Ini menunjukan masih ada persoalan yang perlu didudukan untuk mengendalikan polisi dalam penggunaan kekerasan. Selama ini pengawasan terhadap pelaksanaan tugas-tugas kepolisian dapat dikatakan sangat lemah. Pengawasan internal yang dilakukan oleh divisi propam polri belum berlangsung secara optimal. Hal ini disebabkan karena ada hambatan dari budaya polisi yang berkisar pada solidaritas (solidarity) dan kerahasiaan (secrecy). Solidaritas polisi mendorong kearah semangat saling melindungi kawan meskipun bersalah. Sedangkan implikasi kerahasiaan, sebagai institusi penegak hukum polisi merasa tabu membuka aib angotanya yang melanggar hukum (terutama pada strata petinggi polisi).

Hadirnya Komisi Kepolisian Nasional (Kompolnas) sebagaimana diamanatkan pasal 37 UU No. 2 tahun 2002 tentang Kepolisian Negara Republik Indonesia sesungguhnya merupakan angin segar bagi terciptanya mekanisme kontrol terhadap pelaksanaan tugas-tugas polisi. Jika selama ini polisi dalam menjalankan tugas dan wewenangnya tanpa kontrol masyarakat secara formal, maka dengan kehadiran Kompolnas seakan masyarakat diberikan ruang untuk mengontrol pelaksanaan tugas polisi.
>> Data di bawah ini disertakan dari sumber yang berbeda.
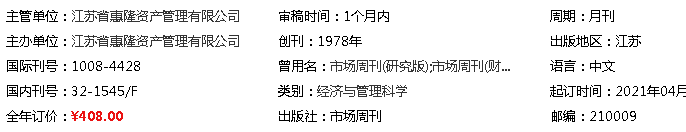 《市场周刊(理论研究)》杂志是经国家新闻出版总署批准、由江苏省惠隆资产管理有限公司(江苏省物资集团)主管主办的省一级综合类学术期刊。杂志内容丰富,印刷精美,雅俗共赏,集学术性、实用性、权威性、前瞻性与专业性于一体,具有很高的学术价值和社会影响力,读者遍布全国各科研机构、高等院校及企事业单位。
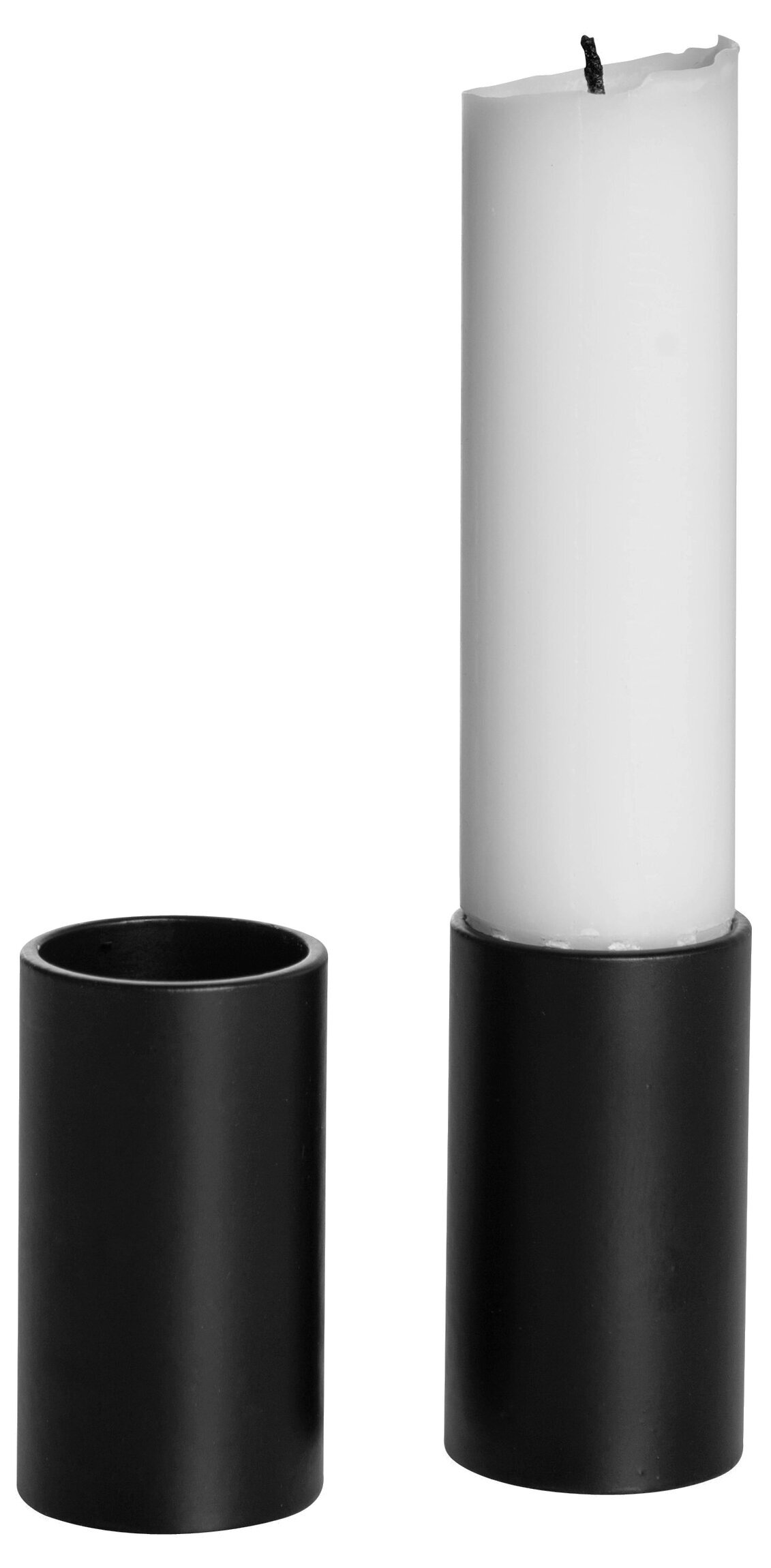 Bilden av Ljusstump Mellan Svart från varumärket Ernst, finns att beskåda på Köpstaden.se, och visar en stilren produkt med en modern touch. I förgrunden ser vi ett svart, cylindriskt ljusstake tillverkad av ett material som ger en matt yta. Denna ljusstake är skapt för att hålla ett blockljus och ger ett stabilt och robust intryck. Ljusstaken har raka linjer och en slät textur, vilket ger ett minimalistiskt och samtidigt funktionellt utseende.
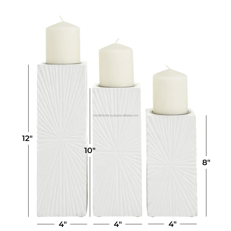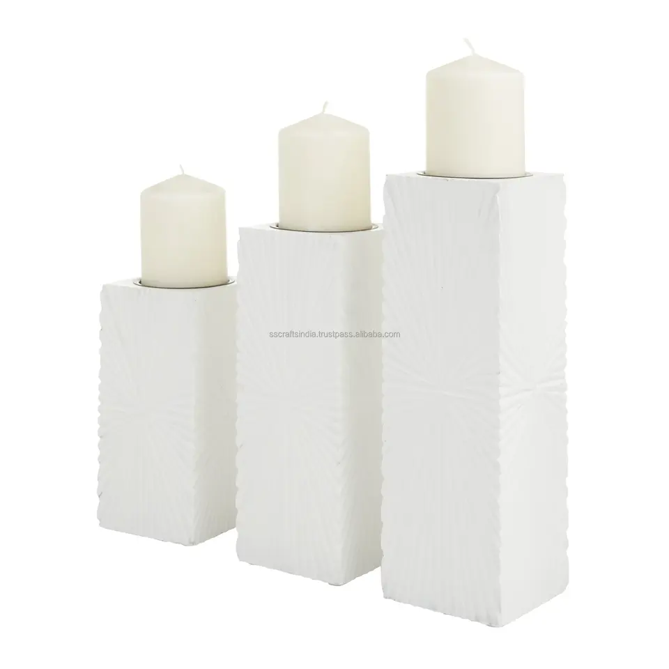 Vintage Ins Style White Wooden Holders Engraved Tea Light Candle Stand Pillar Pattern Christmas Table Centerpiece Wedding Decors

Namun jika dilihat dari tugas dan wewenang yang dirumuskan dalam undang-undang hanya terbatas sebagai pembantu presiden dalam memberikan saran, menyimpulkan keluhan dan saran dari masyarakat untuk disampaikan kepada presiden. Hal ini sama saja mengaburkan fungsi sebenarnya dari  Kompolnas. Apalagi jika dilihat dari struktur keanggotaan yang mendudukan tiga orang menteri didalamnya, harapan agar komisi ini independen dan mampu mengontrol tugas-tugas polisi secara cermat pupuslah sudah.

Analisis brutalitas polisi ini mendeskripsikan kasus-kasus kekerasan yang dilakukan polisi setelah pisah dengan TNI sesuai TAP MPR No.VI/2000 dan TAP MPR No.VII/2000 yang mengarahkan polisi sebagai lembaga sipil yang dalam pelaksanaan tugasnya mengutamakan hukum dan ketertiban. Dalam uraiannya dapat dilihat secara mendalam kejadian-kejadian dan korban-korban yang mengganaskan sejalan dengan sejarah kepolisian di Indonesia. Dengan kata lain kekerasan yang mewarnai kinerja polisi bukaNnya merupakan fenomena yang kasuitis,melainkan sudah menjadi budaya organisasi. Masalah ini yang ditonjolkan dengan harapan akar permasalahannya dapat diketahui secara benar dan perbaikan dilakukan secara mendasar.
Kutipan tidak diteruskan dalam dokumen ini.